The more you use Wireshark and the more familiar you get with protocols / packet analysis the quicker you realize what you may need to for. Luckily for us, if we know what we are looking for we can configure Wireshark to turn that needle in a haystack into a firework on the middle of Halloween. It does this by giving us the flexibility to control what information Wireshark displays to us and how Wireshark displays that information. The two most useful features we have are profiles and coloring rules, both of these are very powerful features and using both of these features together allows you to take your analyzing skills to the next level.
Profiles – Profiles give us the ability to control what information Wireshark displays to us, and how the information is displayed.
- Affecting the complete layout of the Wireshark display
- What columns are displayed in the Wireshark display
- Which coloring rules are in affect
Now, that we know some of the ways profiles affect Wireshark lets consider a few good use cases for profiles, below are a few profiles I have.
- Wired-VoIP – This profile will call out the DSCP field as specific column to easily keep an eye on QoS marking.
- Remote-Site-VPN – Calls out specific columns for the DF-Bit, IP & TCP length, and more fragment field.
- Wired-Transaction-Time – Contains specific columns for relative time & absolute time, etc.
Those are just a few ways profiles can be leveraged, and remember it is easy enough to flip from one profile to the next. There is no need to even close the current capture or restart Wireshark. This allows to quickly scroll through a single capture looking for key characteristics.

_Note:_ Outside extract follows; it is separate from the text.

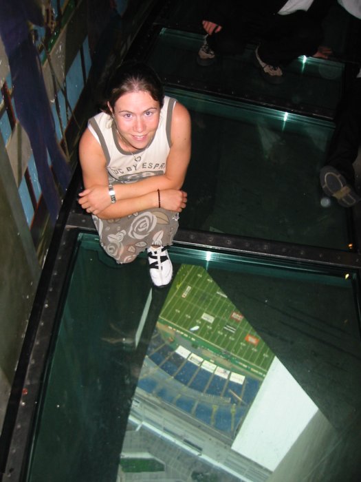 Das höchste freistehende Gebäude der Welt ist der CN Tower in Toronto, den wir natürlich dort auch besuchten. Simone hat sich dann auch auf den Glasboden in 350 Metern Höhe getraut, von dem man einen tollen direkt runter ins Skydome, einem riesigen Stadion hat. Die höchste (und auch noch offene) Aussichtsplattform der Welt lag dann noch mal fast 100 Meter höher. Die hatte dann allerdings keinen Glasfußboden mehr.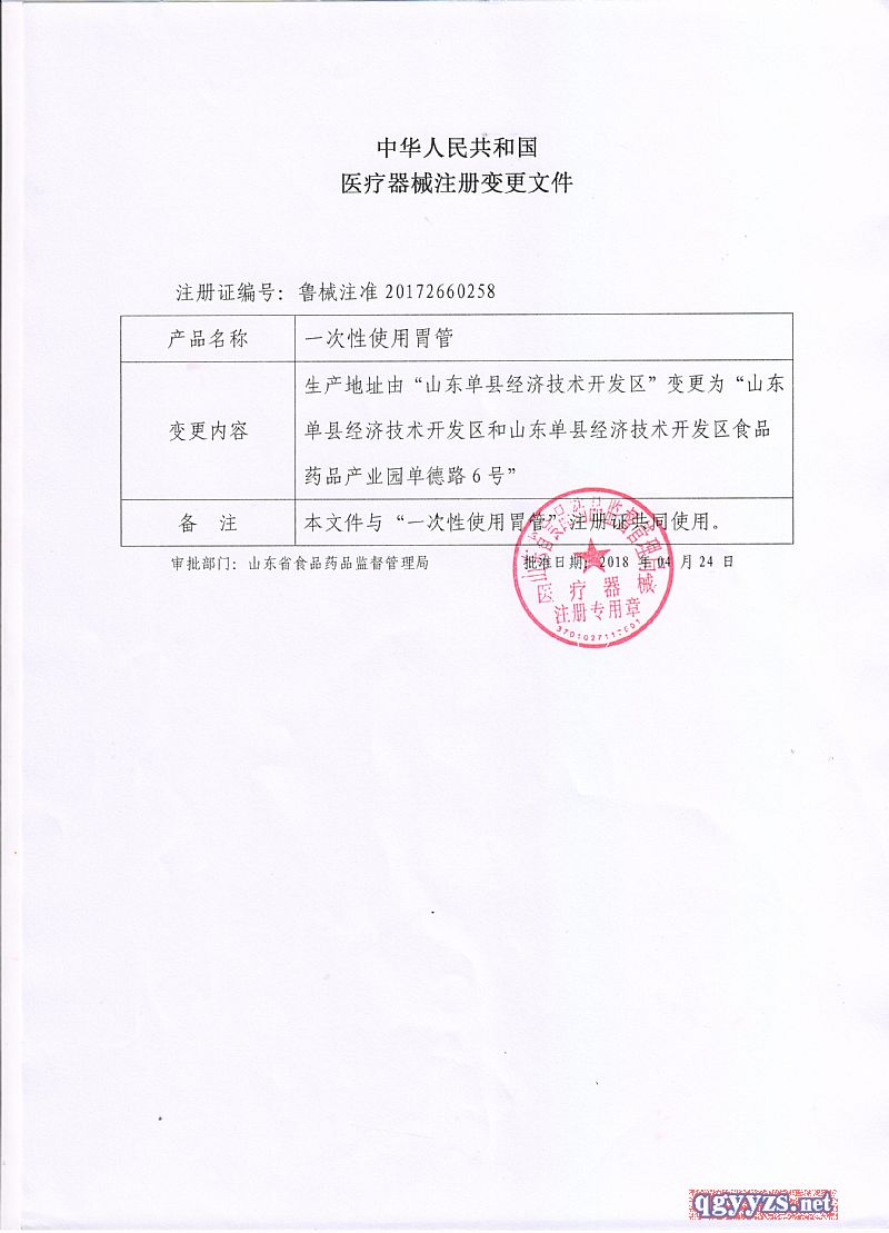 | 产品名称 | 一次性使用单腔胃管 |

Coloring Rules – These coloring rules define how Wireshark displays the individual packets, it’s these same coloring rules that make re-transmissions show up in red. It’s important to remember that coloring rules are match from top-to-bottom and they will by specific criteria found in the packet. These coloring rules are tied to specific profiles, so you definitely want to keep in mind what profile you are working under.Below are a few of my coloring rules:
- WLAN-RETYU-PACKET – This filter looks to see if the packet is a retransmission of the RF medium. Might be useful if you are troubleshooting a WLAN performance issue.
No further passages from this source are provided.